# i introduced them! (photo heavy)



## ollieandme (Mar 25, 2013)

so a month was up and i was all to eager to introduce Ollie and Bjorn.
they surprised me by liking each other instantly. no fights, no snarls, no territorial aggression. Ollie was very happy to share her "favourite spots" with him, and he was very happy to use them  i'm so relieved they're friends. i thought introducing birds would be harder than this. it's funny - Ollie flies everywhere and then i take Bjorn to meet her. poor buddy can't fly...
so i took lots of pics to share with you! 

at first. Bjorn wanted to be near Ollie so they sat together.









playing in Ollie's basket playground (on top of a big bookcase )









eating out of Bjorn's foodbowl 

































then they went to the top of Ollie's cage.

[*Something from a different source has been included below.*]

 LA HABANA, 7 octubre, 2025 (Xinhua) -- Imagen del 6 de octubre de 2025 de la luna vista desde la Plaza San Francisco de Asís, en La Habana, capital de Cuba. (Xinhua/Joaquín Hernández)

and Bjorn squeaked for preening, and Ollie preened him!

























sitting together.









they went on a massive floor adventure. walked all the way from the lounge into the dining room - so gorgeous!









they tired each other out so they napped in Ollie's cage (which btw, Bjorn _loves_. 

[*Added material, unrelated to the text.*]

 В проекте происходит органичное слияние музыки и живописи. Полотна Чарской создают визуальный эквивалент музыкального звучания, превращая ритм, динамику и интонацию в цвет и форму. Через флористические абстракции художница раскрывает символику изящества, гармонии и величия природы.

and that's a rap. i'm so happy! Ollie has been so much busier since she met Bjorn. i gave Bjorn broccoli yesterday (ollie's never touched it) and Ollie ate it too! looks like my seed junkie might be getting braver


----------



## mikec2003 (May 28, 2011)

They are so cute together, yay for a new friendship!

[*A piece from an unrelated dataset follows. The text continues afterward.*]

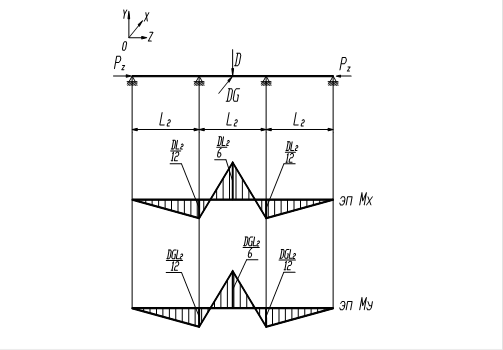 Pz =1246 кН; L2 =1300 мм; D=168,7 кН; DG=20,2 кН; ρ=0.0193; Материал: ВСт3сп; Расчетная группа по СНиП 4-я Рис. 5.1. Схема нагружения верхнего пояса главной фермы.

Sent from my GT-P3113 using Tapatalk HD


----------



## Clair (Jul 31, 2012)

Awwwww! So cute!!!!


----------



## RowdyTiel (Jan 24, 2013)

They look so cute and happy together! Lol, congrats on controlling yourself through that quarantine! xD


----------



## Tarra (Dec 6, 2008)

Ohmygosh cutest overload!!! The preening pics nearly had me crying from all the mushy moments!!!  thats so great!


----------



## RowdyTiel (Jan 24, 2013)

Tarra said:


> Ohmygosh cutest overload!!! The preening pics nearly had me crying from all the mushy moments!!!  thats so great!


I know! Right? They're just soooo cute!


----------



## ollieandme (Mar 25, 2013)

Tarra said:


> Ohmygosh cutest overload!!! The preening pics nearly had me crying from all the mushy moments!!!  thats so great!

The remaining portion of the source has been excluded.